Une vision du monde inquiétante
En octobre dernier, Marion Maréchal Le Pen a été l’invitée d’une émission diffusée sur Radio Courtoisie (en partenariat avec le site ultra catholique le Salon beige). Dans ce "Libre journal de la Résistance" (sic) la nièce de Marine Le Pen a pu, durant près d’une heure et demie, livrer le fonds de sa pensée politique.
En territoire médiatique ami, les masques tombent, et face à des interviewers complaisants, dans le cadre d’une conversation entre gens du même bord, la députée du Vaucluse s’est alors totalement dévoilée, révélant une pensée politique et une vision du monde pour le moins inquiétante, surtout quand tout indique que ses chances de devenir présidente de la région PACA n’ont jamais été aussi hautes. 40% des intentions de vote au premier tour (sondage Ipsos pour France télévisions) c'est plus qu'inquiétant.
De ce long entretien on a choisi ici de retenir les trois moments les plus politiquement révélateurs. Marion Maréchal Le Pen dans le texte, c’est tout à la fois effrayant et accablant.
Premier temps fort de l’entretien, le mariage civil,
qu’il faudrait démolir. "Pourquoi garder le faux mariage et le PACS ?", commence par demander Grégoire Boucher à Marion Maréchal-Le Pen.
Réponse :
"Y a une aberration qui est un héritage de la Révolution française qui fait qu’on est obligé de se marier à la mairie avant de pouvoir se marier religieusement. A quel titre? Je ne sais pas.

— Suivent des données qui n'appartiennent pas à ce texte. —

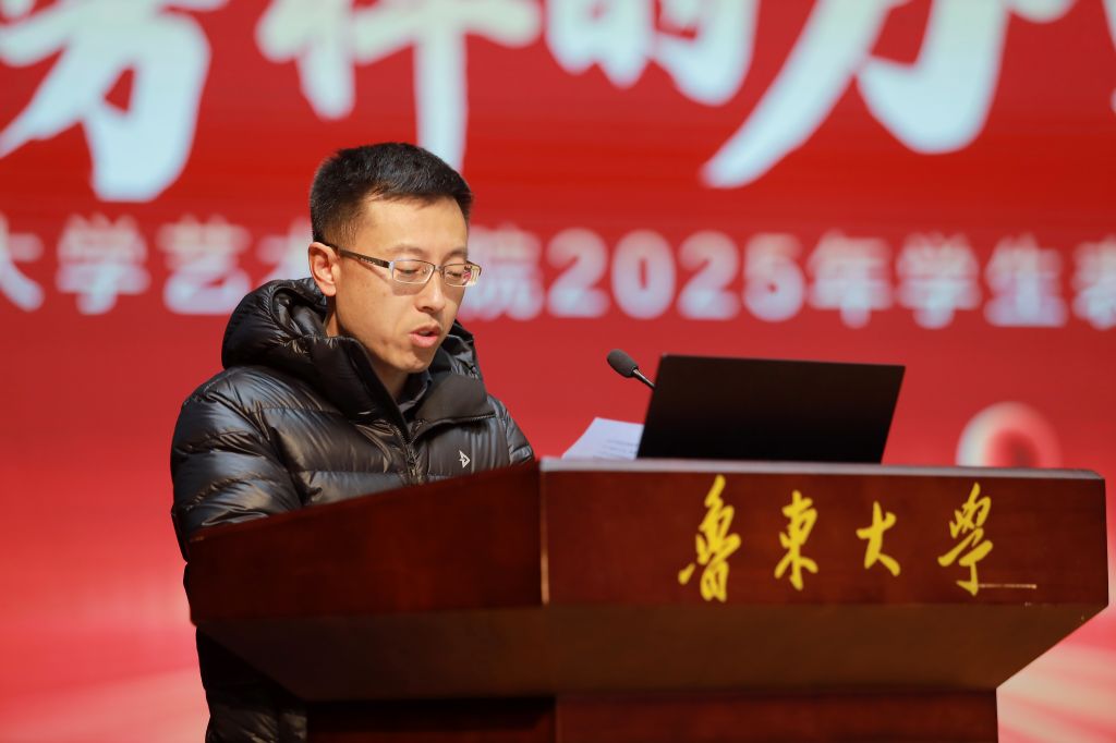 随后,学院党委副书记、副院长李文杰发表致辞。他代表学院对过去一年在教学、科研、育人等领域取得的丰硕成果进行了总结,同时,他高度肯定了全院学子秉承“厚德、博学、日新、笃行”校训,在专业学习、艺术竞赛、志愿服务、学生工作等方面展现出的“德高艺美、智圆行方”的精神追求,勉励全体同学以榜样为镜,在坚守中沉淀,在创新中突破,在奉献中成长,让青春在艺术追梦路上绽放绚丽之花。

Je trouve ça scandaleux, après tout on pourrait recevoir un sacrement sans devoir demander l’autorisation à la République française".
Et d’ajouter:
"Je vous signale qu’un certain nombre de musulmans n’ont pas ces complexes sans que la République en soit choquée… Le complexe c’est pas leur truc… En revanche, c’est vrai qu’il y a énormément de mariages musulmans qui sont fêtés et qui ne sont pas passés par la mairie civile en amont sans que la République n’y trouve rien à redire ou s’en donne les moyens… Et peut-être que les catholiques ne devraient plus se laisser faire et réagir afin de forcer le débat à ce sujet-là".
Deuxième temps fort, la suprématie de la religion catholique sur la République et les Droits de l’Homme.
"On a des gens qui iront mourir contre nous pour Allah, a-t-on en face envie de mourir pour la République ou pour la laïcité (noter l’interviewer qui dit 'Pas moi') quand on voit comment ces termes ont été vidés de leur sens ?"...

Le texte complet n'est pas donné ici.